Generale, la battaglia che si sta svolgendo in queste ore tra le strade di Aleppo è davvero così importante per l’esito del conflitto?
«Sì, perché Aleppo è la capitale economica del Paese e se riuscissimo a conquistarla potremo indebolire il regime fino a farlo cadere. Vorrei paragonarla a Bengasi, che fu la prima città  caduta nelle mani dei rivoluzionari libici e dalla quale partì la conquista del loro Paese. Inoltre, quando avremo Aleppo, potremo facilmente rifornire i nostri combattenti dalla vicina Turchia».
Temete l’uso di armi chimiche da parte del regime contro l’Esercito siriano libero?
«Sì, perché il regime di Assad è capace di tutto. Ha cominciato con gli ammazzamenti e gli stupri nei villaggi, è poi passato all’uso dei carri armati contro i manifestanti e con i bombardamenti aerei sui quartieri caduti nelle mani degli oppositori. Non mi stupirebbe se adesso il presidente siriano decidesse di ricorrere alle armi chimiche».
Che tipo di armi?
«Gas nervino e iprite». Sull’aiuto di quali Paesi potete contare? «Se parliamo di supporto morale, gli Stati Uniti sono al primo posto, poi vengono gli inglesi e i francesi. Se invece ci riferiamo ad aiuti monetari, ebbene solo l’Arabia saudita ci dà  qualcosa».
Con i combattenti stranieri che in queste settimane si uniscono alle vostre brigate non teme infiltrazioni di Al Qaeda?
«Il mio popolo è stato abbandonato dalla comunità  internazionale per più di sedici mesi, mentre cresceva la rabbia contro
Assad e il futuro del Paese si faceva sempre più nero. Oggi la Siria è diventata un terreno fertile per tutti gli estremismi, che possono crescervi come funghi. L’Occidente ha una colpa enorme nell’aver lasciato che le cose marcissero fino a questo punto».
Si aspetta altre diserzioni dall’esercito lealista?
«Sì, se ne verificano quotidianamente. Molti aspettano il momento giusto per farlo, magari un combattimento o un giorno di licenza. C’è infatti un orrendo clima di sospetto che paralizza gli ufficiali e i soldati. Rischiano tutti di finire in galera o di esser fucilati al primo tentativo di fuga».
Lei è ancora in contatto con alcuni generali dell’esercito del regime?
«Certo, perché molti di loro sono amici di lunga data, ed è come se insieme ancora formassimo un solo corpo d’armata. Presto saremo di nuovo uniti, e il nostro compito sarà  di vegliare alla ricostruzione di quel meraviglioso Paese che ha dato al mondo il suo primo alfabeto».

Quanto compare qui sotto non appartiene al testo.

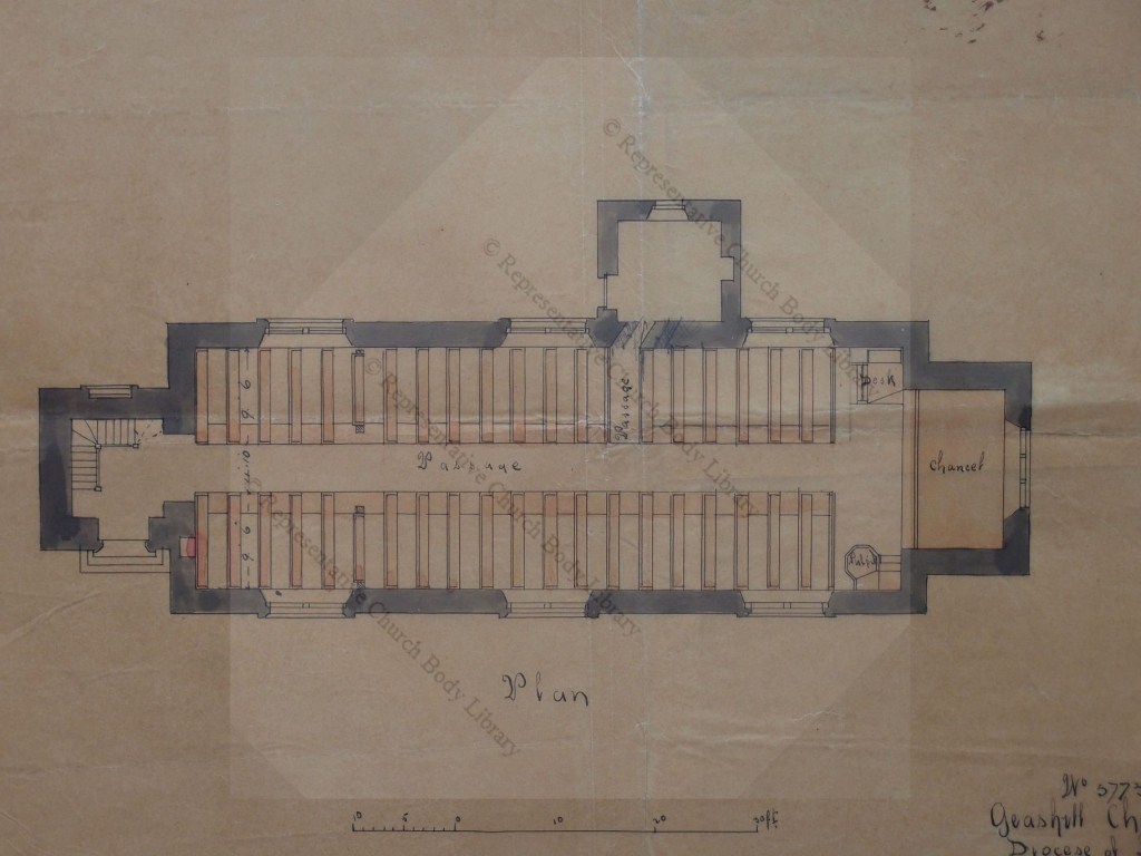 Plan of renovations to the church, 1868. Welland & Gillespie, “Geashill Church. Diocese of Kildare. No 5773. Plan. Welland & Gillespie. Articles of Agreement 22 August 1868,” RCB Library – Architectural
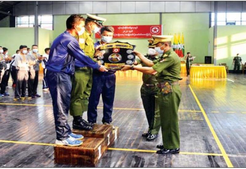 ရန်ကုန်တိုင်းစစ်ဌာနချုပ်၏ ၂၀၂၁ ခုနှစ် တိုင်းမှူးဒိုင်း (အမျိုးသား၊ အမျိုးသမီး) ဘော်လီဘောပြိုင်ပွဲ ဗိုလ်လုပွဲနှင့် ဆုပေးပွဲကို ယနေ့ မွန်းလွဲပိုင်းတွင် ရန်ကုန်တိုင်း ဒေသကြီး မင်္ဂလာဒုံမြို့နယ်ရှိ တပ်မတော် ဆေးတက္ကသိုလ် အားကစားခန်းမ၌ ပြုလုပ်ရာ တိုင်းမှူး ဗိုလ်ချုပ် ညွန့်ဝင်းဆွေနှင့် အရာရှိ၊ စစ်သည်၊ မိသားစုများ၊ ပြိုင်ပွဲဝင်အသင်းများနှင့် ဒိုင်အဖွဲ့ ဝင်များ တက်ရောက်ကြသည်။
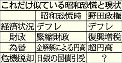 保険を見直せば、 「月に1万円の節約」 も可能です! にほんブログ村 野田が日本をぶっ壊す!“娘の身売り”再来か政府・民主党は27日、野田佳彦首相(54)や前原誠司政調会長(49)らによる三役会議で、東日本大震災の復興に向けた総額9・2兆円の臨時増税案を決定した。震災ショックと超円高、長引くデフレ、欧州財政危機と米国の景気悪化懸念など深刻な経済環境にもかかわらず、増税一直線の野田政権。「この状況は戦前の昭和恐慌当時と酷似している」との声も出てきた。当時の政権は景気悪化や大量失業を招き、「歴史的な経済失政」と糾弾された。野田首相が歴史に学ばなければ、日本は「増税恐慌」に陥る。政府・民主党は27日、復興増税案を決定。▽所得税を2013年1月から10年間、一律4%上乗せ▽法人税は12年4月から3年間減税を凍結▽たばこ税は12年10月から国税10年間と地方税5年間、1本あたり計2円引き上げ▽個人住民税均等割(現行一律年4000円)は増税時期を1年先送りし、 14年6月から5年間、年500円上乗せする-ということになった。 そして、その後には消費税増税も控える。いずれも「復興」を大義としているが、皮肉なことにこの復興増税は、復興を妨げる最大の要因になるという。三菱UFJリサーチ&コンサルティングの片岡剛士主任研究員はこう疑問を呈す。「震災からの景気回復は想定より弱く、来年度の経済成長率は復興需要があっても実質2%程度と予想しているが、増税とのセットなら1%台、復興需要がなければ0%台に伸び悩む。欧州財政危機など世界経済のリスク要因がより深刻化すれば、さらに成長率は低下するだろう。増税しないほうが痛みが小さいし、より成長できるのに、なぜわざわざ増税するのか」元内閣参事官で嘉悦大の高橋洋一教授も「このまま増税が強行されれば、日本経済は沈没する」と警告する。高橋氏によると、現状の経済環境や野田政権の政策路線は1929年以降の世界恐慌、そして日本の昭和恐慌と共通点が多いという。当時は「ライオン宰相」と呼ばれ人気だった浜口雄幸内閣で、井上準之助蔵相が緊縮財政政策を実施した。一方で1930年には為替相場を安定させようと、金の輸出解禁を断行、金本位制に復帰した。ところが禁輸前のレート(旧平価)で解禁した結果、急激な円高を招いた。「野田政権もデフレで円高にもかかわらず、増税による緊縮財政路線をとっている。また、恐慌当時の米国やドイツは緊縮財政路線で、現在の欧米諸国の財政再建路線とよく似ている」と高橋氏は解説する。昭和恐慌では成長率は落ち込み、約10%のデフレに陥った。中小企業の倒産ラッシュや大量の失業が発生、困窮した農村では娘の身売りも相次いだ。『震災恐慌』の著者で、雇用問題に詳しい上武大の田中秀臣教授は「昭和恐慌時の失業率は大ざっぱな数字では20%近いともいわれ、東京帝国大卒の学生も就職できない状況だった」という。そのころに比べると、現在はまだマシな気がするが、見かけの数字だけでは判断できない。「戦前は雇用の流動性があったので、失業率が急激に高くなっても景気が良くなれば短期間で改善しやすかった。しかし現在は、じわじわと長期的な停滞が続いている状況で、1%のデフレでも影響は深刻。こんなときに増税するのは、風邪をひき続けている人に寒空の外に出ろというようなもので、まともな判断ではない」と田中氏は語る。世界恐慌は1929年10月のニューヨーク株の暴落がきっかけとなったが、今回はギリシャが発火点となる。「ギリシャが1年以内にデフォルト(債務不履行)になるのは確実で、ギリシャの国債と民間の債権を保有する欧米金融機関は損失を被る。債務は計60兆円とリーマン・ショックと同程度の規模で、株安や失業を招くだろう」(前出の高橋氏)昭和恐慌では、1931年に蔵相に就任した高橋是清が日銀による国債引き受けなどを実施して短期間でデフレから脱却した。「実は日銀の国債引き受けは毎年行われており、今年もまだ18兆円の未使用枠がある」(高橋氏)というのに、なぜか野田政権や日銀はまったくやる気がない。日銀の国債引き受けは「ハイパーインフレを招く禁じ手」との批判もあるが、前出の片岡氏は「日銀が無制限にお金を刷り続けるか、終戦直後のように供給力が失われている場合はハイパーインフレの可能性もあるが、いずれも現状では考えられない」と明言する。 前出の高橋氏はあらためて警鐘を鳴らす。「ギリシャ問題が深刻化するのは予測できること。さらに日本は震災ショックも抱えている。本来ならば財政政策と金融政策をフル稼働させてデフレ脱却や景気回復を目指すべきなのに、増税するなんてもってのほかだ。復興増税が本格化する2013年は、ギリシャ発の債務危機で世界の景気がどん底の時期にぶち当たる恐れもある。歴史的な経済失政の再来となってしまうだろう」 野田政権は歴史に学ぶことができるのか、それとも後世に汚名を残してしまうのか…。【送料無料】超円高で震災日本は3年後に復活する
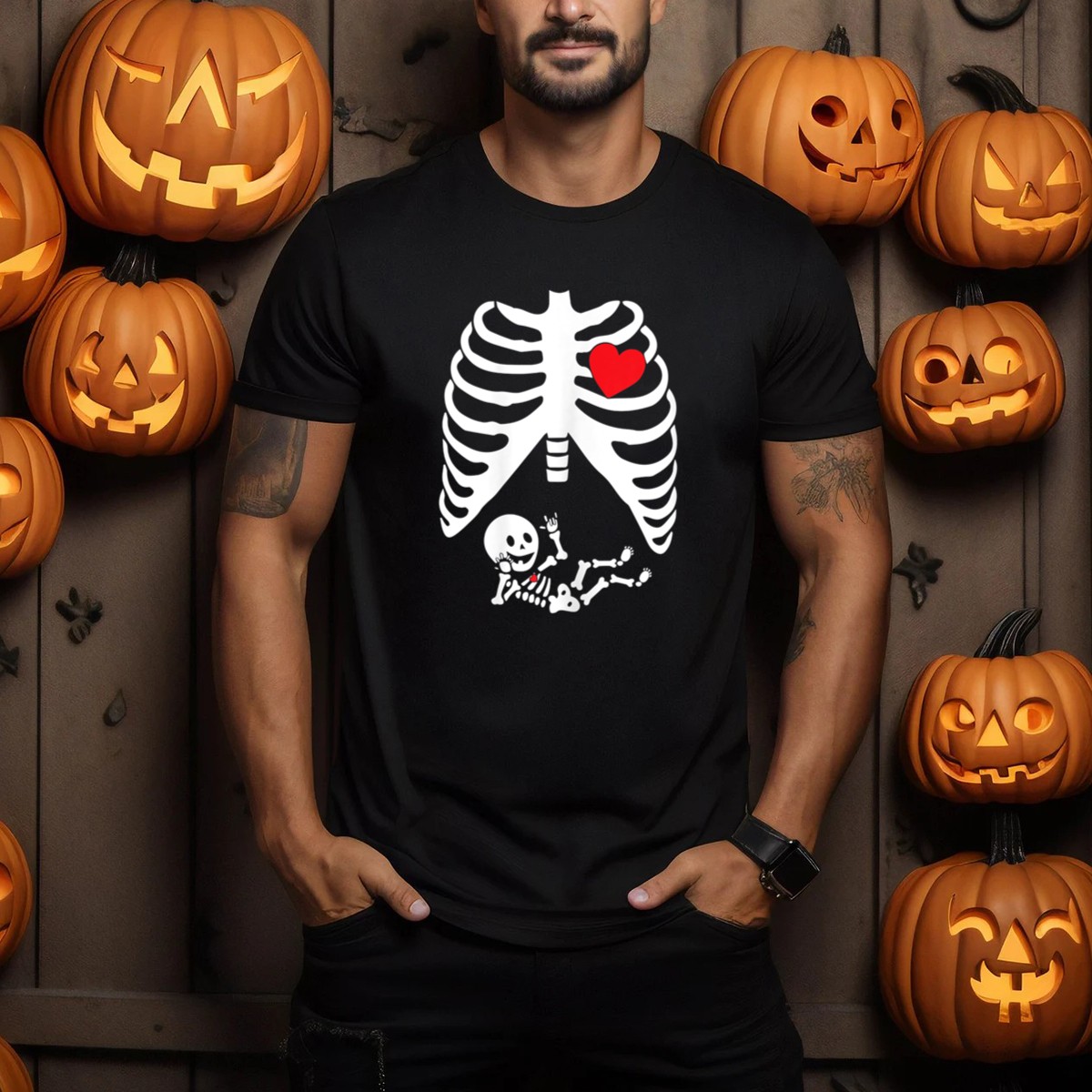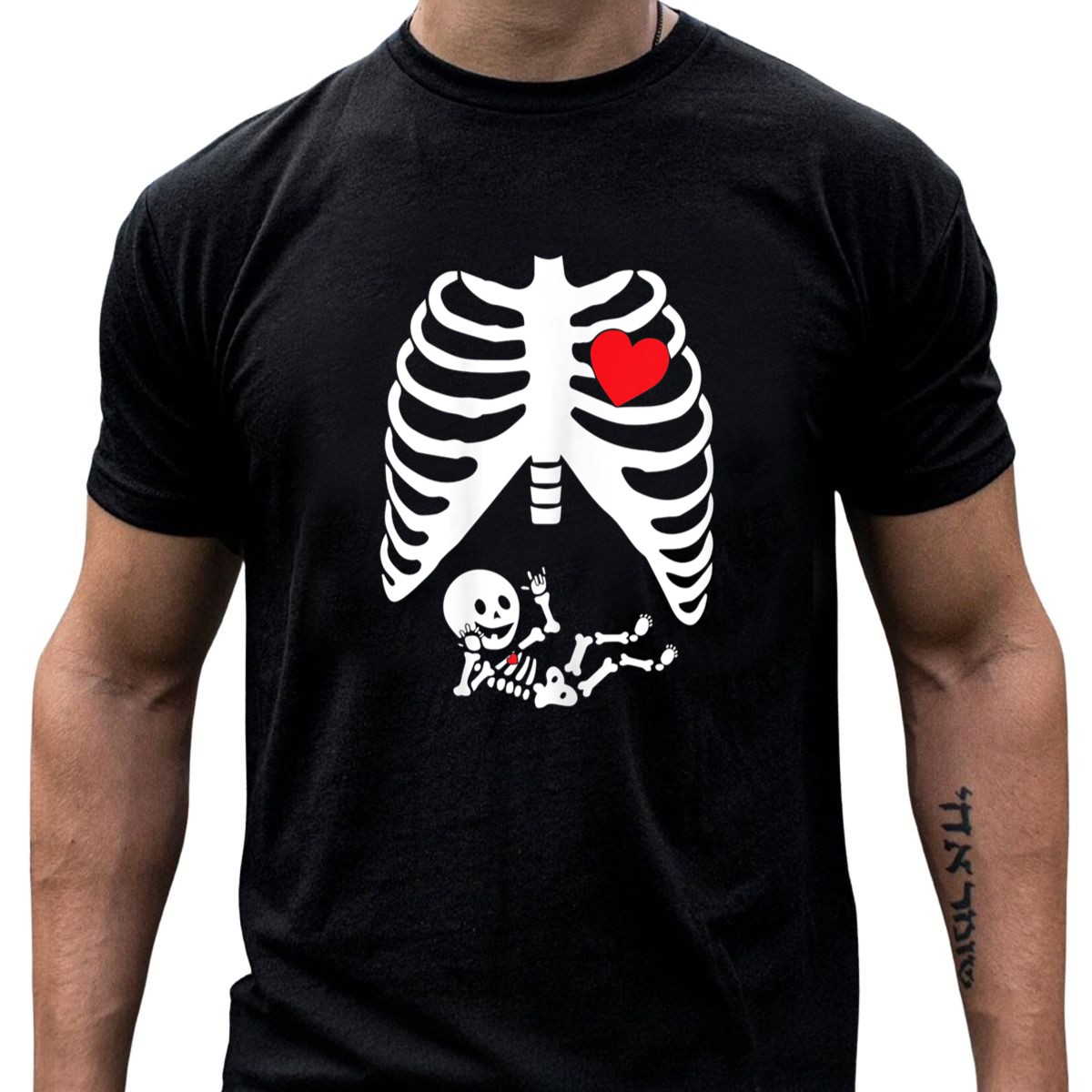 Pregnant Halloween Skeleton Costume With Heart And Baby Skeleton T-Shirt
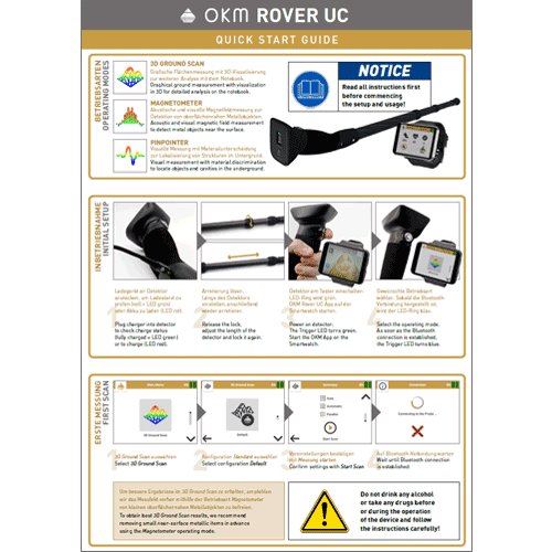 OKM Schnellstart-Anleitungen, auch als Quick Start Guides bezeichnet, bieten präzise Schritt-für-Schritt-Anleitungen, um Ihren OKM Detektor schnell einzurichten und sofort von den Funktionen zu profitieren.

Il giorno che cadrà  Assad non teme il massacro degli alauiti, equivalente a quello perpetrato soprattutto sulla popolazione sunnita dal regime dall’inizio del conflitto?
«Ancora una volta saremo noi militari a evitare che ciò avvenga. Anche perché sappiamo che cosa significa eseguire un ordine, e non riteniamo che tutti gli alauiti siano colpevoli. I soli responsabili della drammatica situazione in cui si trova oggi la Siria e degli orrendi massacri di civili compiuti nell’ultimo anno e mezzo sono Assad e il suo clan».
Dopo la battaglia di Aleppo attaccherete di nuovo Damasco?
«Per fiaccare l’esercito regolare, la nostra strategia è consistita finora nell’attacco e la ritirata. Nella guerriglia. Negli interventi sporadici. Una tattica simile non è però attuabile ad Aleppo. Costerebbe troppo all’economia della città . Ripeto: è la capitale economica del Paese, dove sono anche concentrate le ricchezze industriali. È da lì che ricominceremo a costruire la nuova Siria».